Aim of the task: Could you restate word for word only the lines below from the one holding "Pokud chcete výkonné" to the one holding "Hasta las 18", inclusive, and leave out the pictures?

Material to process:
--- START ---
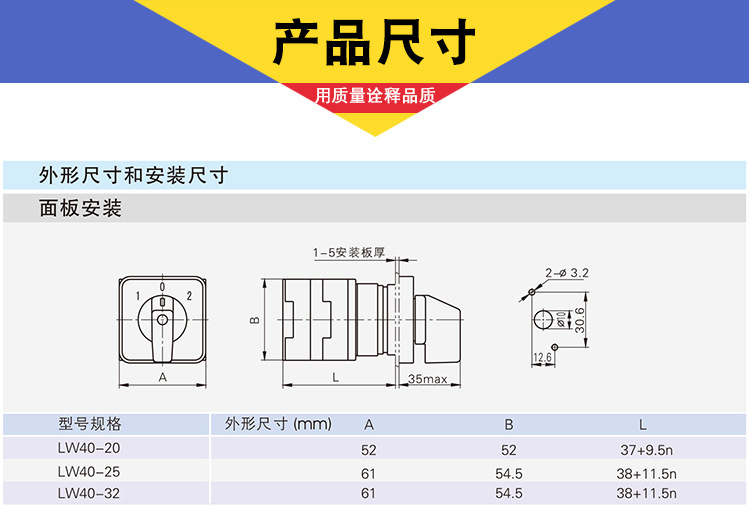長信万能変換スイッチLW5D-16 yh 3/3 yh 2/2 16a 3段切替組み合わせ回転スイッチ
--- END ---
--- START ---
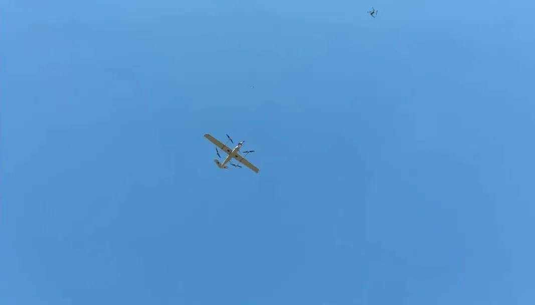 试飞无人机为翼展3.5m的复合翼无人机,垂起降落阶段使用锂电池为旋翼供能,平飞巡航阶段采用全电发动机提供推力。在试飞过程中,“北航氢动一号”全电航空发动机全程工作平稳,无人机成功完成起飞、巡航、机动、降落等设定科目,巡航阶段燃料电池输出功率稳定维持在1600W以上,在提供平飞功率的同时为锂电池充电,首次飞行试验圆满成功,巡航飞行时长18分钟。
--- END ---
--- START ---
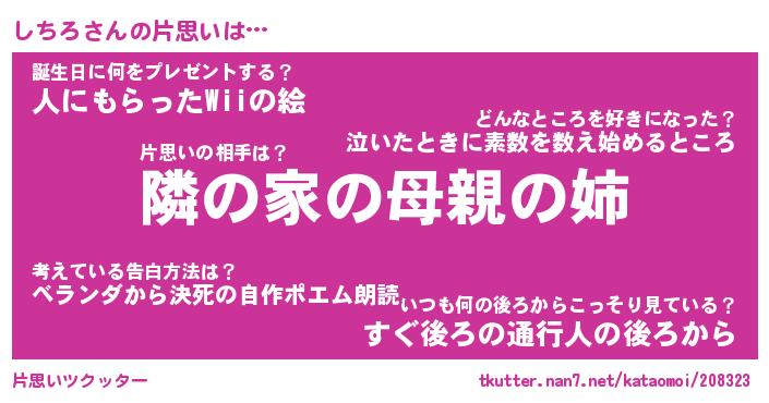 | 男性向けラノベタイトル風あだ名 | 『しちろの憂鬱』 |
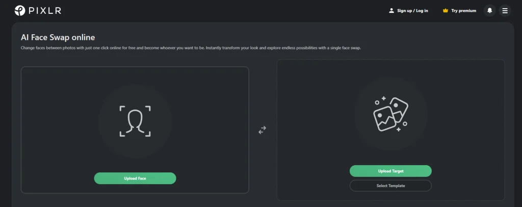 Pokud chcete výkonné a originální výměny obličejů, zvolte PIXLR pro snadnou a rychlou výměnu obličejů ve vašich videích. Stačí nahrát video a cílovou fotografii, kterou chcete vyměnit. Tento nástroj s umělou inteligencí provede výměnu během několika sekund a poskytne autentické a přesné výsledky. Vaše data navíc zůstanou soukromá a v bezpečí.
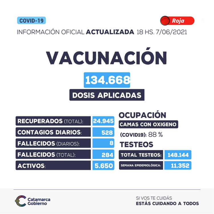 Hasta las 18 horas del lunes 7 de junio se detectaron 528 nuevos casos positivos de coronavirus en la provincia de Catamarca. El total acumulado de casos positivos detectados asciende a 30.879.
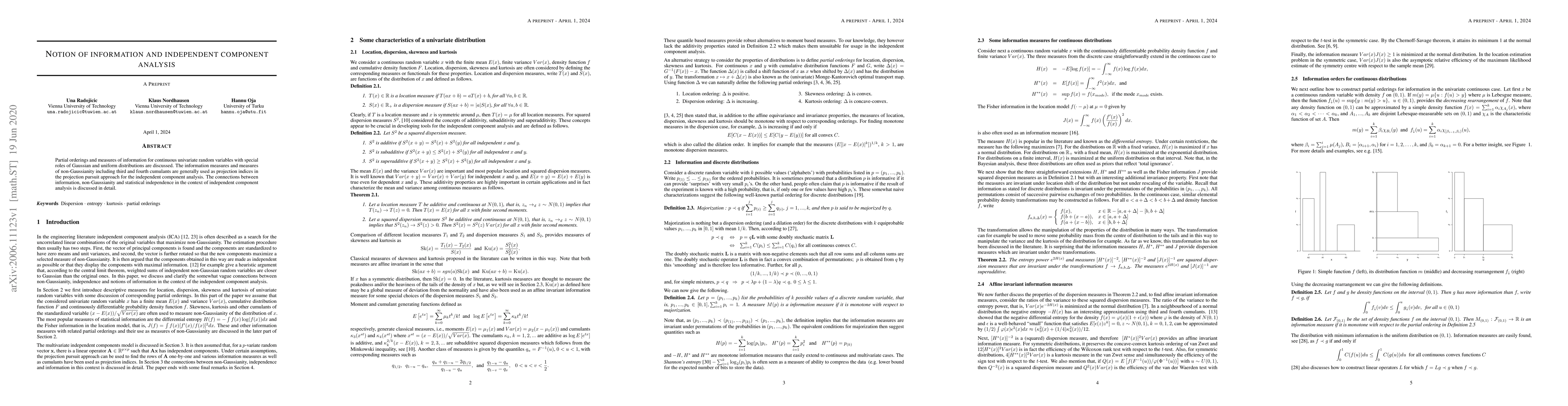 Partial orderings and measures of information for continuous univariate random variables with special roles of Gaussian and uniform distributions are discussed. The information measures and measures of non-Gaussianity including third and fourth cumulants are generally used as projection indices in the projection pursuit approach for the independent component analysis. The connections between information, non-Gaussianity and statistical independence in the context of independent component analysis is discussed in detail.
--- END ---
Solution to this problem:
 Pokud chcete výkonné a originální výměny obličejů, zvolte PIXLR pro snadnou a rychlou výměnu obličejů ve vašich videích. Stačí nahrát video a cílovou fotografii, kterou chcete vyměnit. Tento nástroj s umělou inteligencí provede výměnu během několika sekund a poskytne autentické a přesné výsledky. Vaše data navíc zůstanou soukromá a v bezpečí.
 Hasta las 18 horas del lunes 7 de junio se detectaron 528 nuevos casos positivos de coronavirus en la provincia de Catamarca. El total acumulado de casos positivos detectados asciende a 30.879.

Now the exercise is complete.